La lama a doppio taglio del blocco delle esportazioni

Di fronte alla crisi di offerta che sta incendiando i prezzi delle materie prime alimentari, alcuni paesi produttori hanno reagito con il blocco o la limitazione delle esportazioni. Un comportamento che gli economisti giudicano controproducente.

L’ultimo rapporto della FAO ci dice che il conto complessivo delle importazioni di cibo per il 2022 dovrebbe toccare un nuovo record storico: 1.81 trilioni di dollari. Un aumento del 3% rispetto al 2021, frutto in larga parte dell’effetto inflazione, che rischia di lasciare fuori dal mercato, perchè impossibilitata a farvi fronte, una larga fetta di popolazione mondiale. Sempre la FAO ci ricorda che nell’anno in corso i paesi più poveri ridurranno i loro acquisti di cibo per quasi 2,5 miliardi di dollari.

Come abbiamo avuto modo di dire altre volte nel nostro blog, la crescita dei prezzi delle materie prime alimentari non è un fenomeno di breve periodo, ma ovviamente la guerra in Ucraina ha amplificato e velocizzato un movimento che i cambiamenti climatici e la geopolitica stavano generando da anni.

A preoccupare in quest’ultimo periodo è la reazione di molti paesi produttori alle vicende ucraine.
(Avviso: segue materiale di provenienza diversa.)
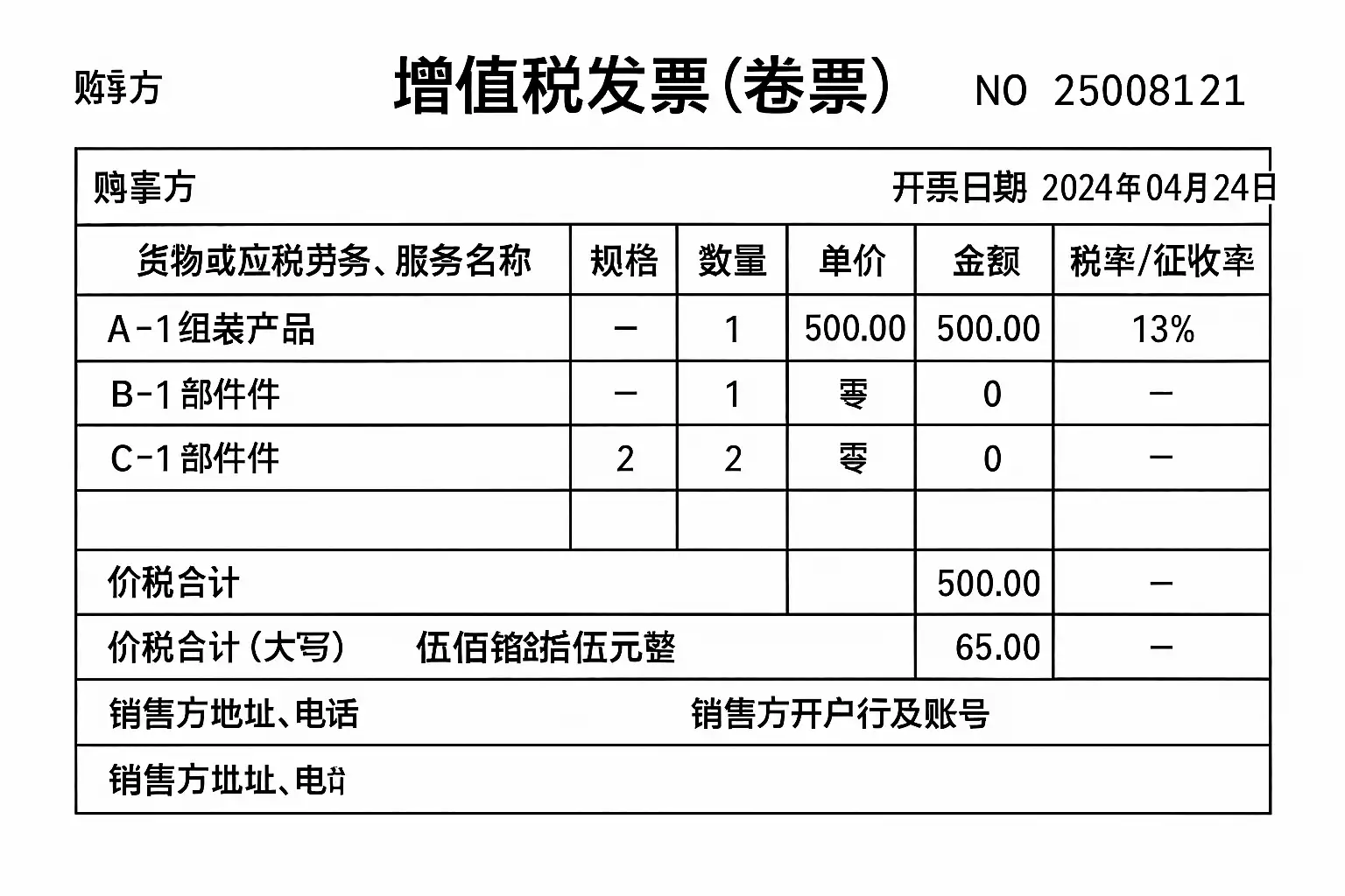 - 发票内容需清晰列明‘组装费’、‘原材料费’等项目。

A darci qualche dato ci pensa un post di Cullen S. Hendrix (PIIE). Dall’inizio del conflitto ben 23 paesi hanno approvato restrizioni sulle esportazioni di materie prime alimentari, e si tratta in larga parte di paesi con un sistema politico dai tratti spiccatamente autoritari.
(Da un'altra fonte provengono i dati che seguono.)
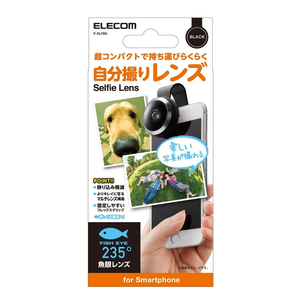 スマートフォンでひと味違う、楽しい写真が撮れる。よりきれいに写るマルチレンズ構造を採用し、周囲を約235度の画角で撮影できる魚眼タイプ(235°)のスマートフォン用自撮りレンズ。

Bloccare o ridurre drasticamente le esportazioni di materie prime quali il grano, però, comporta un doppio effetto negativo, uno internazionale e l’altro interno. Sul fronte internazionale l’ulteriore riduzione dell’offerta non fa altro che aumentarne i prezzi amplificando il problema. Sul fronte interno il blocco delle esportazioni fa mancare un canale fondamentale di vendita e di reddito ai produttori, disincentivandoli. Allo stesso tempo l’assunzione di un comportamento protezionistico rischia di avere effetti nel lungo termine, quali la perdita di reputazione e la conseguente riduzione strutturale dei volumi di esportazione.
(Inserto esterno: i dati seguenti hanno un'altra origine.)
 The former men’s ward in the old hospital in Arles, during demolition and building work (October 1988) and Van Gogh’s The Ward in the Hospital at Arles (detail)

Si tratta di una situazione simile, ricorda Hendrix, a quanto visto nel 2007–08. Anche in quell’occasione alla crisi sui prezzi delle materie prime alimentari si rispose con le barriere all’export, di fatto rendendo ancora più grave il problema. La notizia positiva, aggiunge l’autore, è che in questa tornata grandi paesi esportatori come Cina e India, al momento, sembrano resistere alle tentazioni protezionistiche.